Montella Bawa Turki ke Piala Dunia 2026: Mimpi yang Terwujud
Baca dalam 60 detik
- Vincenzo Montella sukses mengakhiri puasa 24 tahun Turki tanpa tampil di Piala Dunia setelah memimpin tim lolos ke edisi 2026.
- Pelatih asal Italia itu menyebut skuad Turki saat ini sarat talenta muda dan solid, dengan mentalitas pantang menyerah sebagai kunci utama.
- Di Grup D, Turki akan menghadapi Australia, Paraguay, dan tuan rumah Amerika Serikat; Montella menargetkan lolos dari fase grup sebagai langkah awal.
Vincenzo Montella, pelatih asal Italia yang akrab disapa L'Aeroplanino, berhasil membawa Turki kembali ke panggung Piala Dunia setelah absen selama 24 tahun. Keberhasilan ini menjadi pencapaian besar bagi Montella dan negaranya, sekaligus mengobati kerinduan publik Turki yang terakhir kali merasakan atmosfer turnamen terbesar sepak bola pada 2002.
Montella, yang pernah membela Italia di Piala Dunia 2002, mengaku bahwa pengalaman pahit saat tersingkir oleh Korea Selatan di babak 16 besar masih membekas. Namun, kini ia memiliki kesempatan untuk menulis cerita baru sebagai pelatih. Dalam wawancara eksklusif dengan FIFA, ia menegaskan bahwa skuad Turki saat ini dipenuhi talenta muda dan memiliki chemistry yang kuat. "Para pemain sangat kompak dan saling mendukung. Menjadi pelatih mereka adalah suatu kehormatan," ujarnya.
Turki tergabung di Grup D bersama Australia, Paraguay, dan tuan rumah Amerika Serikat. Montella menyadari bahwa tidak ada lawan yang mudah, meskipun grup ini tidak dihuni raksasa seperti Spanyol atau Argentina. Ia menekankan pentingnya konsistensi dan mentalitas yang tepat. "Kami harus melangkah selangkah demi selangkah. Target pertama adalah lolos dari fase grup," tegasnya.

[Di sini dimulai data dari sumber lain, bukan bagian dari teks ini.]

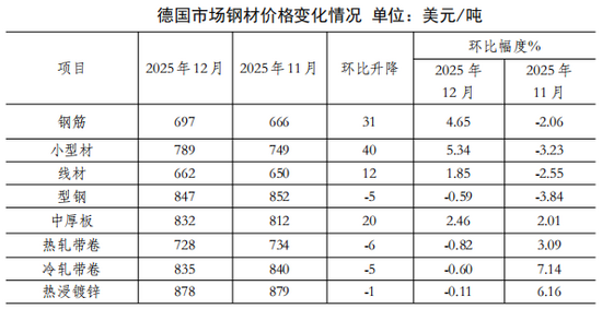 202512月份,CRU歐洲鋼材價格指數(shù)為210.7點,環(huán)比下降0.9 點,降幅為0.4 %;歐元區(qū)12月制造業(yè)PMI終值下滑至48.8,意味著制造業(yè)活動收縮速度加快,主要成員國制造業(yè)PMI下降為主:意大利、德國、西班牙制造業(yè)PMI指數(shù)分別為47.9%47%49.6%,分別降2.71.21.9個百分點,法國制造業(yè)PMI指數(shù)為50.7%,較上月升2.9個百分點。本月德國市場主要鋼材品種價格走勢分化,型鋼、熱軋帶卷、冷軋帶卷穩(wěn)中有降,熱浸鍍鋅平穩(wěn)運行,其余品種價格均上升:線材穩(wěn)中有升小型材升幅較大,為5.34%。(見下表)
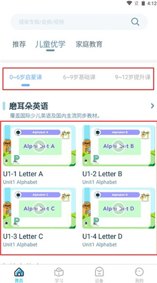 2找到“儿童优学”的入口并点击,就能在其中浏览到针对不同年龄段孩子设计的启蒙课程。
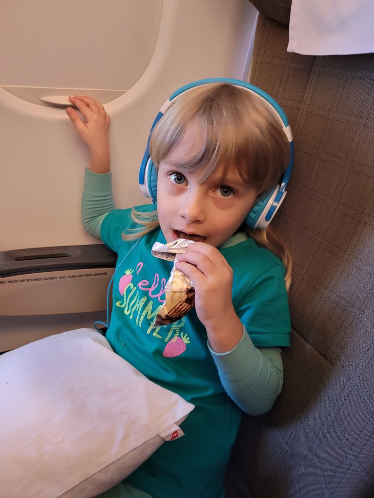 Obávaná devítihodinová cesta je nakonec taky velmi příjemná. Přísun švýcarských delikates je neustávající. Kde dostanete k svačině zmrzlinu Mövenpick, sýr Gruyére nebo tabulku čokolády? Malí cestovatelé tady dostávají jídlo jako první z letadla, což je moudré a strategické.

Montella juga menyoroti peran penting mentalitas dalam perjalanan Turki menuju Piala Dunia. Ia memuji ketangguhan mental anak asuhnya, terutama saat mengalahkan Rumania 1-0 di semifinal play-off. "Kemenangan tipis dengan clean sheet menunjukkan semangat tim dan kemampuan bertahan yang solid. Itu adalah hasil kerja keras dan sikap yang benar," katanya.
Bagi Montella, kedekatan budaya antara Italia dan Turki menjadi faktor yang memudahkan adaptasinya. Ia merasa diterima seperti keluarga dan menganggap nilai-nilai hormat dan kebanggaan sangat mirip dengan kampung halamannya di Naples. "Saya telah memberikan segalanya untuk tim ini. Hasilnya juga berkat kelompok pemain yang berbakat," ungkapnya.
Montella mengakui bahwa kembali ke Piala Dunia sebagai pelatih terasa berbeda. Tanggung jawab dan kesadaran yang diembannya jauh lebih besar. Namun, ia tetap optimistis dan mengingatkan bahwa timnya harus tetap rendah hati. "Bermimpi itu penting, tetapi kaki harus tetap di tanah. Tim Turki 2002 adalah underdog yang berhasil melaju hingga semifinal. Kami ingin mengulangi sejarah itu," pungkasnya.
Dengan semangat kebangkitan yang kuat, Turki siap bersaing di panggung dunia. Pertanyaan besarnya: akankah Montella mampu membawa timnya melampaui capaian 2002?